A data warehouse is a critical element of modern data architecture. With this approach, you can combine distinctive data altogether, apply business logic governance to data, and make it available in pre-curated ways. It provides more opportunities to stream data and do real-time analytics.
- Modular approach: By creating your solution with elements that are independent of each other, your company can be highly opportunistic and resilient when building new approaches and technologies.
- Data Management and Governance: Modern data management demands your data be precise and available to the right individuals at the right time. Moreover, architecture and technology play a critical role in data management, but your company needs to have defined principles for your data modernization strategy. These principles include:
- Scalability, security, and stability: This involves you deciding whether your data is on the on-prem, cloud, or hybrid landscape.
- Risk management: Reduce the risk of poor decisions depending upon poor data using a holistic view of data quality that includes the entire data lifecycle.
- Agility: How fast can you make your latest information available to people who need it? Is your company able to take benefit from innovations and technologies that are available?
- All data in one location: Can you consolidate data from multiple systems and sources to look at the big picture? Storing all your data in one place helps you to reduce the risk linked with company users connecting to source systems directly to get data.
- Analytics tools: Think of the applications and reports you create daily to find valuable insight from your data. Shifting to new, future-ready analytics tools will offer better analytical potentials such as embedded analytics, real-time analysis, improved collaboration, and so on. The following points should be considered while choosing the most appropriate analytics tool:
- Consider your data architecture when choosing your tool
- Analyse skills sets
- Focus on short-term
- Put together a roll-out plan
- The right people and processes: It is crucial to remember to know that data and analytics modernization effort is not just about shifting to technology but also about the skillsets needed within your company. Some significant aspects that should be taken into consideration to ensure a successful migration are:
- Training and enablement: This involve two pathways. First, “how to build” learning track, and second, “how do users use it”.

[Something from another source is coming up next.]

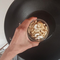 Collect the roasted cashews on a separate dish for later use, and keep the extra oil in the wok to finish cooking the subji in the following step
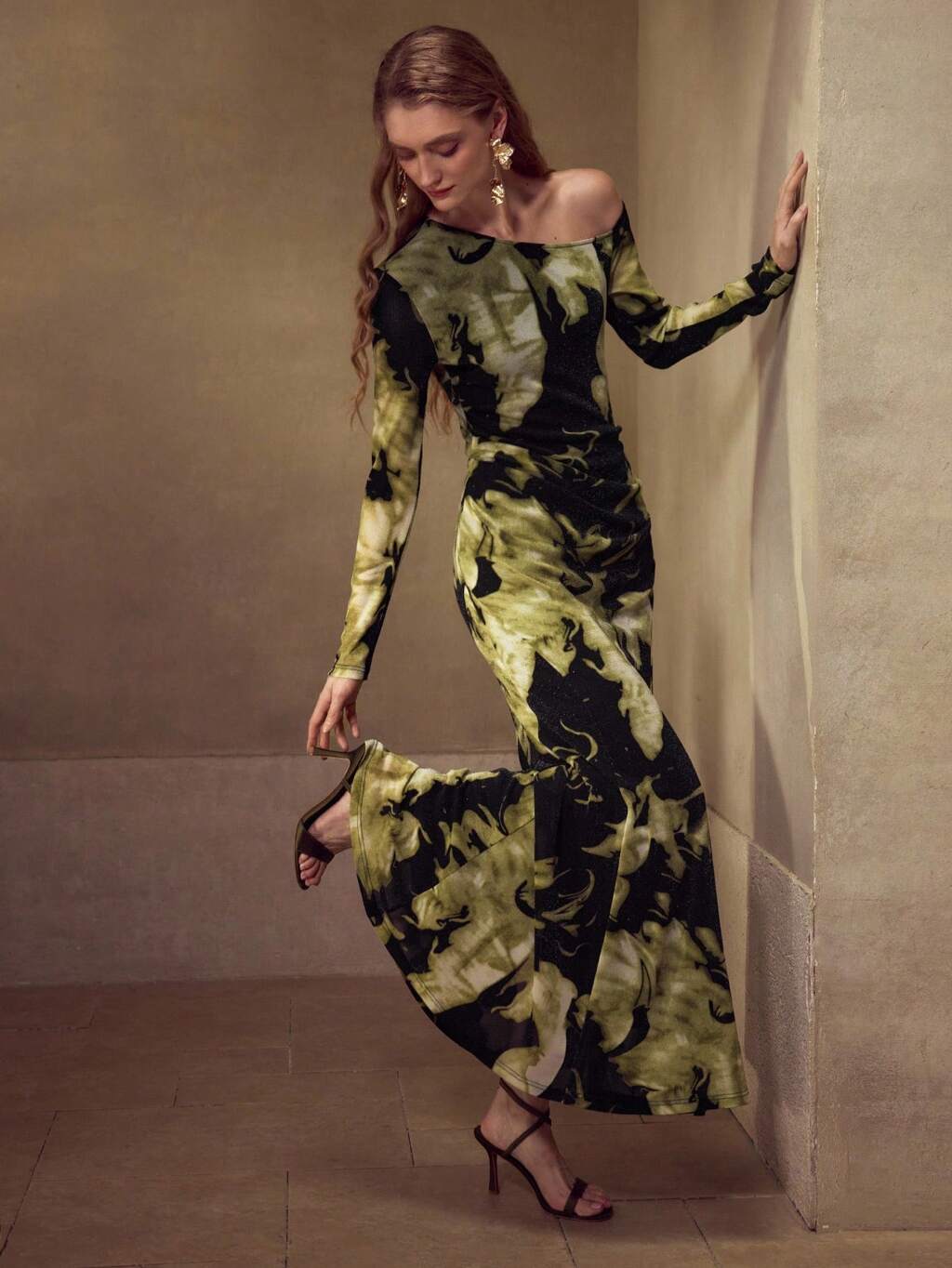 Vestido ajustado con cuello asimétrico en estampado tie-dye

- How your company receives training: Understanding your target audience is significant to how developers and users will get training. Knowing how your audience learns best such as through documentation, webinar, classroom training, and so on—will enable you to provide training that enhances value.
- Load balancing: There will be a time when your modern analytics tool and legacy reporting will likely both be active at the same time. Knowing the need on time is crucial and distributing the workload effectively across both tools is key.
Conclusion
You can’t just stare down the path of data and analytics modernization. Every company needs to take a balanced outlook and have a strategy in place to shift to an agile, cloud-based, and next-gen ready data and analytics environment.